А  Б  В  Г  Д  Е  Ж  З  И  Й  К  Л  М  Н  О  П  Р  С  Т  У  Ф  Х  Ц  Ч  Ш  Щ  Э  Ю  Я  A-Z

 

Самая неприятная
пришла в субботу, в полдень, в голубом конверте, откуда на
Марио глядела фотография Гектора в "Последнем часе", рядом с
заметкой, в которой несколько строчек было подчеркнуто синими
чернилами. "Как уверяют родственники, только глубокое отчаяние
могло толкнуть его на самоубийство". Он почему-то подумал, что
родственники Гектора ни разу не появлялись у Маньяра. Может
быть, заходили в первые дни. Потом он вспомнил про розовую
рыбку; старики говорили, что это подарок матери Гектора.
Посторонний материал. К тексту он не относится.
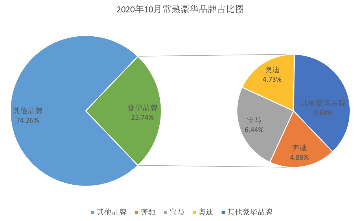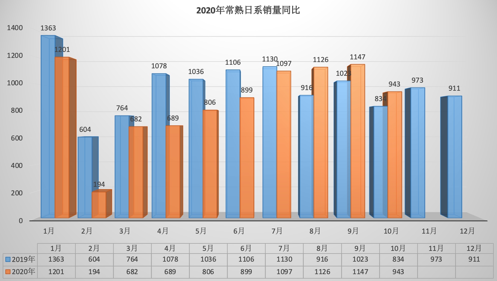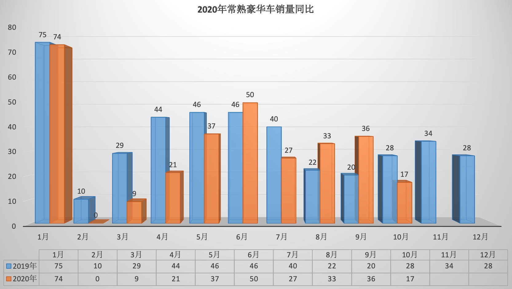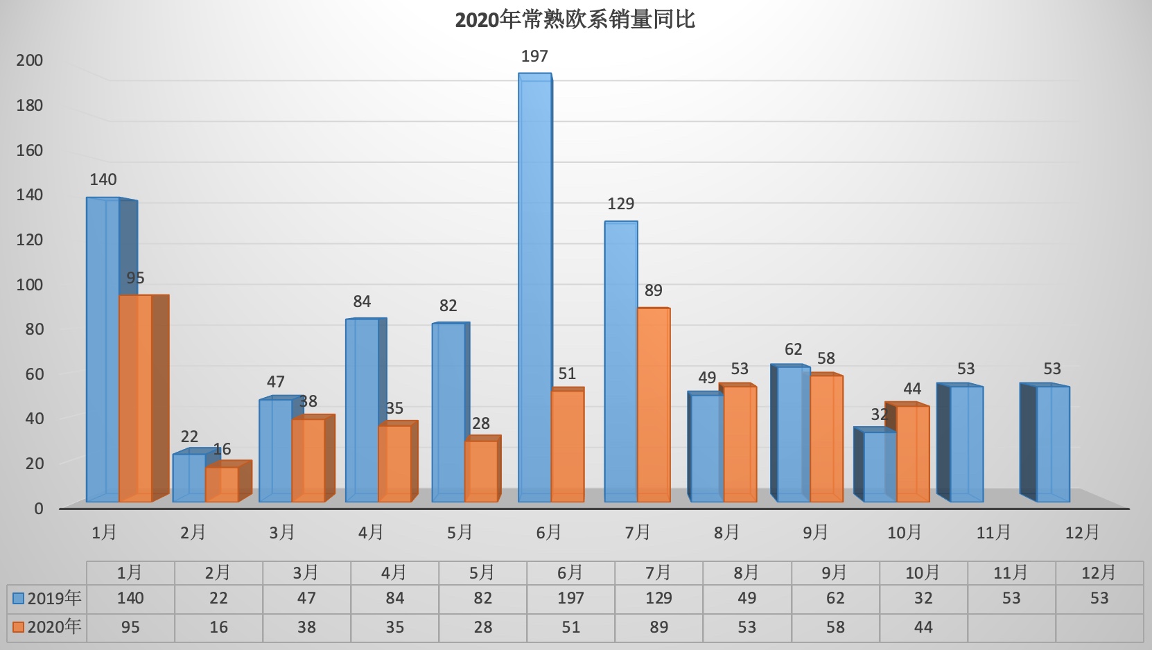 2020年10月常熟狭义乘用车销量3232台同比增长8.68%,环比下降14.07%。1-10月常熟狭义乘用车总销量29326台,同比下降13.26%。10月销量中自主品牌同比增长5.98%,美系品牌同比增长34.38%,韩系品牌同比下降23.15%,欧系车同比增长37.50%,德系同比增长1.20%,日系同比增长13.07%。

Розовая рыбка умерла в день, предсказанный Делией. Только
глубокое отчаяние могло толкнуть. Он сжег конверт, вырезку, еще
раз припомнил всех, на кого могло пасть подозрение, и решил
поговорить с Делией начистоту, чтобы избавить ее от этих
невыносимых, отовсюду сочащихся, липких, ядовитых сплетен.
Через пять дней (он так и не говорил ни с Делией, ни со
стариком) пришла вторая. На листке плотной голубой бумаги
сначала, неизвестно почему, стояла звездочка, потом было
написано: "Вы, это, поосторожней, если будете спускаться по
ступенькам". От конверта исходил слабый запах миндального мыла.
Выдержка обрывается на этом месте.